__HOW TO COMPLETE THIS TASK__
Exact duplicates of the lines from the top of the data through the line containing "El Colegio Quiroga" are needed, with every picture left out.

Stored items from a collection:
=== Begin Enclosure ===

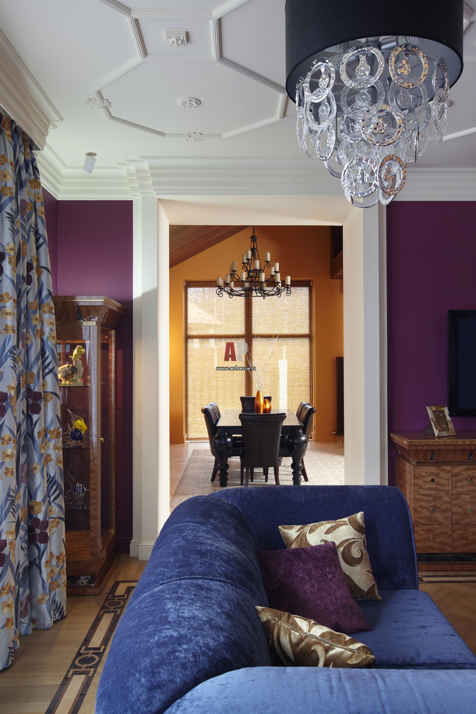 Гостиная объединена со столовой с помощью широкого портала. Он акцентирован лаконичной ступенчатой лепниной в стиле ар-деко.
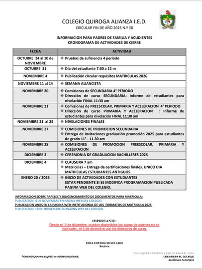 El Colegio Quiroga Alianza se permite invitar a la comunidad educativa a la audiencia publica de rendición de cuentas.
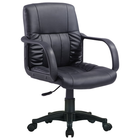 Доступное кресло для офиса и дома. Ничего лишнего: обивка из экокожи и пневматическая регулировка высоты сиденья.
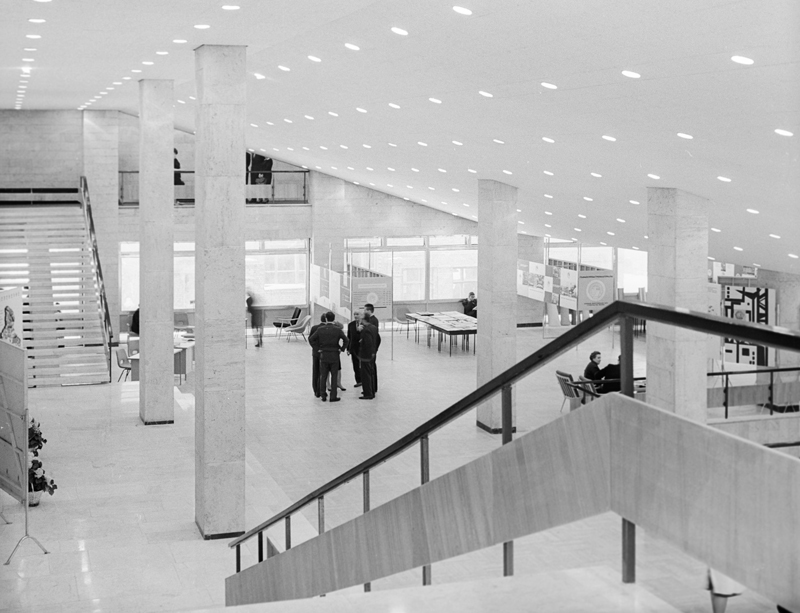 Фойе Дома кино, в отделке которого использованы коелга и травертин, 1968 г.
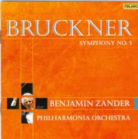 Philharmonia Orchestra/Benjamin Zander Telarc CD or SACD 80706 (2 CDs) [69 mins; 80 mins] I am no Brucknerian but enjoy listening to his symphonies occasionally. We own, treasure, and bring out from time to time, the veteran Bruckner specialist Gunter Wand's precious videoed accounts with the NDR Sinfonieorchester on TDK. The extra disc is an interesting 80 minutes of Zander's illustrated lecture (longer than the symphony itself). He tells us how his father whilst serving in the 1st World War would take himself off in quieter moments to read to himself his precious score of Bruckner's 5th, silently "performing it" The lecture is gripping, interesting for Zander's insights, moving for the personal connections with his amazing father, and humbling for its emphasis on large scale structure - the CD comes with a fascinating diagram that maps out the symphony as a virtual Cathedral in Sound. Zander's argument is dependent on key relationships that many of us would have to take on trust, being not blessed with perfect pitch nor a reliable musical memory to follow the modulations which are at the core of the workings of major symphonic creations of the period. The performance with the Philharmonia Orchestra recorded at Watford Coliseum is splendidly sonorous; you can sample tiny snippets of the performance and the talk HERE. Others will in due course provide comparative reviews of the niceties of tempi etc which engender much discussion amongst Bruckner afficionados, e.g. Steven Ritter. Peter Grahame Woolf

=== End Enclosure ===

__YOUR RESPONSE__
 Гостиная объединена со столовой с помощью широкого портала. Он акцентирован лаконичной ступенчатой лепниной в стиле ар-деко.
 El Colegio Quiroga Alianza se permite invitar a la comunidad educativa a la audiencia publica de rendición de cuentas.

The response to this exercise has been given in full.